=== Section Start ===

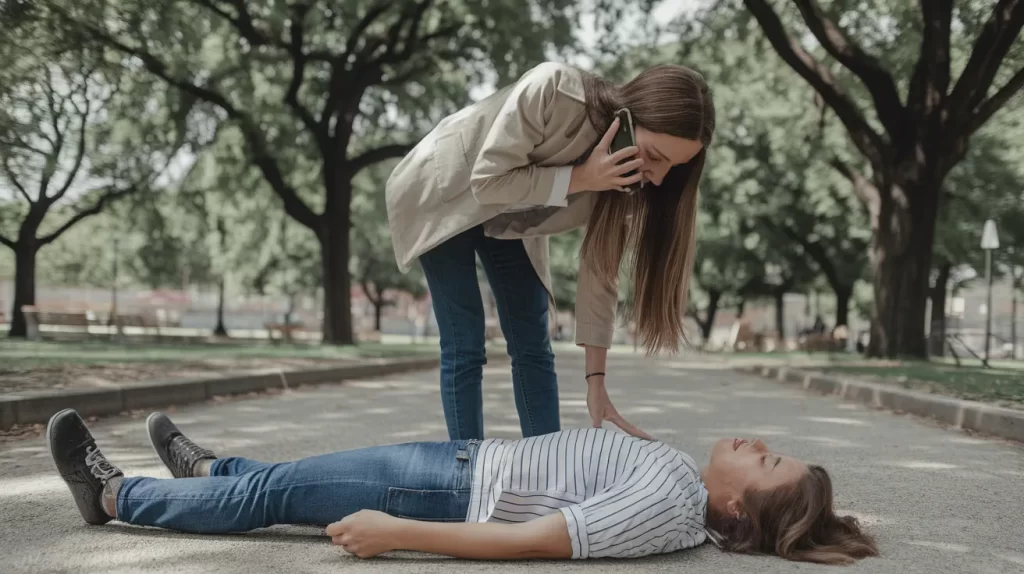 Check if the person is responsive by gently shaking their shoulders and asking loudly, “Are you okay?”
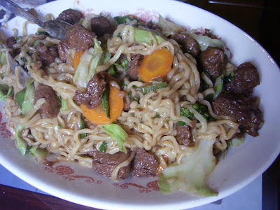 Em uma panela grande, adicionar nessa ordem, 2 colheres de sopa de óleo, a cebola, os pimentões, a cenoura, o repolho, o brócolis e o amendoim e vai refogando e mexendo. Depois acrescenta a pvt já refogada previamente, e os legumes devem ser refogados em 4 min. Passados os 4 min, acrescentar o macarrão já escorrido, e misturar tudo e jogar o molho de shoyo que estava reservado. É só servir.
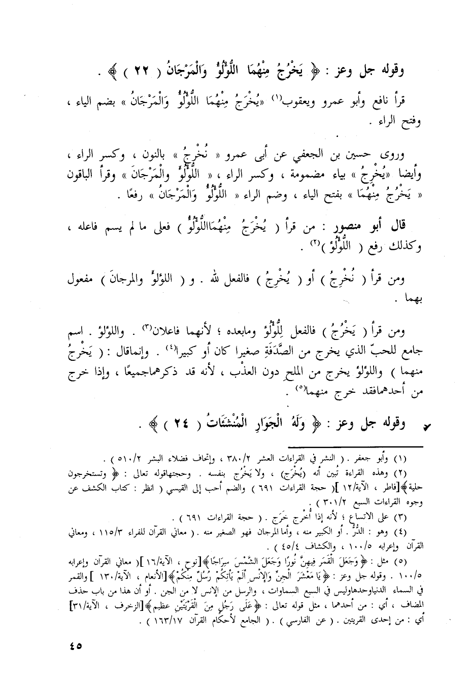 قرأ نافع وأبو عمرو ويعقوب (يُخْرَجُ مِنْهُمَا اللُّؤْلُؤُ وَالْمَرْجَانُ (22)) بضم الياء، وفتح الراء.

=== Section End ===
=== Section Start ===

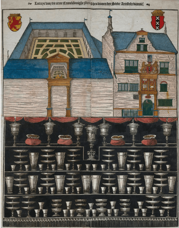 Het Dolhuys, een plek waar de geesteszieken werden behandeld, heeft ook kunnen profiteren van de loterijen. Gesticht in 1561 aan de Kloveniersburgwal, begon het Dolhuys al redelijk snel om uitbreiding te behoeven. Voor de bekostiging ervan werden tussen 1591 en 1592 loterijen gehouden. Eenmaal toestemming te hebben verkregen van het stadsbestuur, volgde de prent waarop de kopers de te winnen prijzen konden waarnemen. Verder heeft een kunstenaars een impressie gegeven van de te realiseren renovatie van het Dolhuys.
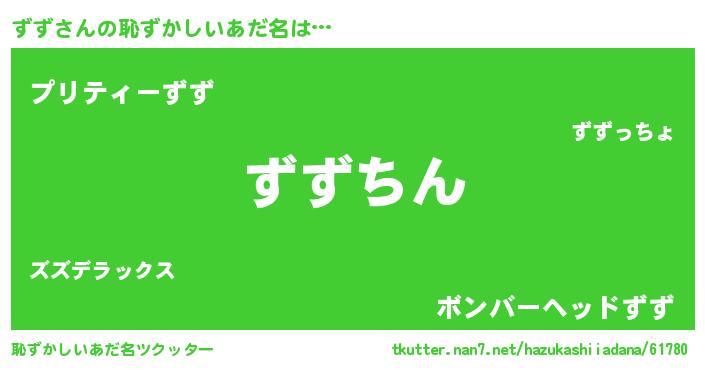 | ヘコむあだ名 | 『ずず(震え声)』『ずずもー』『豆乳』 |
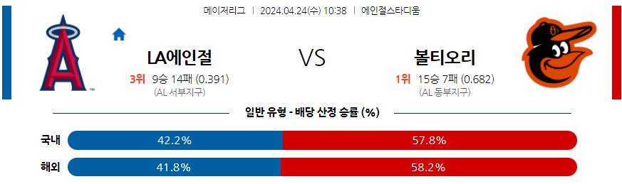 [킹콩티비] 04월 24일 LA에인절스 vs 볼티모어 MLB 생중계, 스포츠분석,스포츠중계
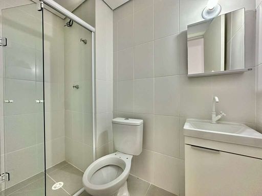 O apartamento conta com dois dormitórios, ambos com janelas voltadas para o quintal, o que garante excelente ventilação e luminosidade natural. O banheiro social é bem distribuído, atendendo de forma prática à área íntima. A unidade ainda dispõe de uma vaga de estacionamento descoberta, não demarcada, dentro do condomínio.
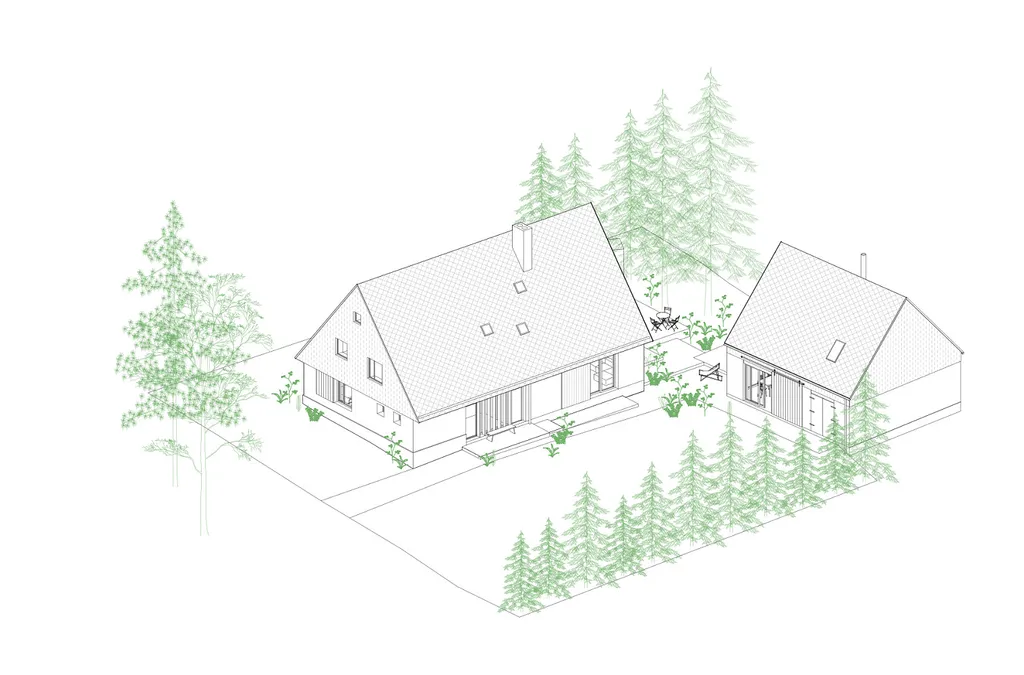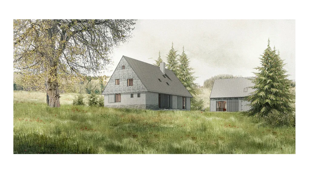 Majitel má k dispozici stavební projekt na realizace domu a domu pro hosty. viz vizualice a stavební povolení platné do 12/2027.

=== Section End ===

> [WORK INSTRUCTIONS]
Copy out the lines above from the line containing "O apartamento conta" through the line containing "Majitel má k", exactly, and keep the pictures out.

> [ANSWER TO THIS TASK]
 O apartamento conta com dois dormitórios, ambos com janelas voltadas para o quintal, o que garante excelente ventilação e luminosidade natural. O banheiro social é bem distribuído, atendendo de forma prática à área íntima. A unidade ainda dispõe de uma vaga de estacionamento descoberta, não demarcada, dentro do condomínio.
 Majitel má k dispozici stavební projekt na realizace domu a domu pro hosty. viz vizualice a stavební povolení platné do 12/2027.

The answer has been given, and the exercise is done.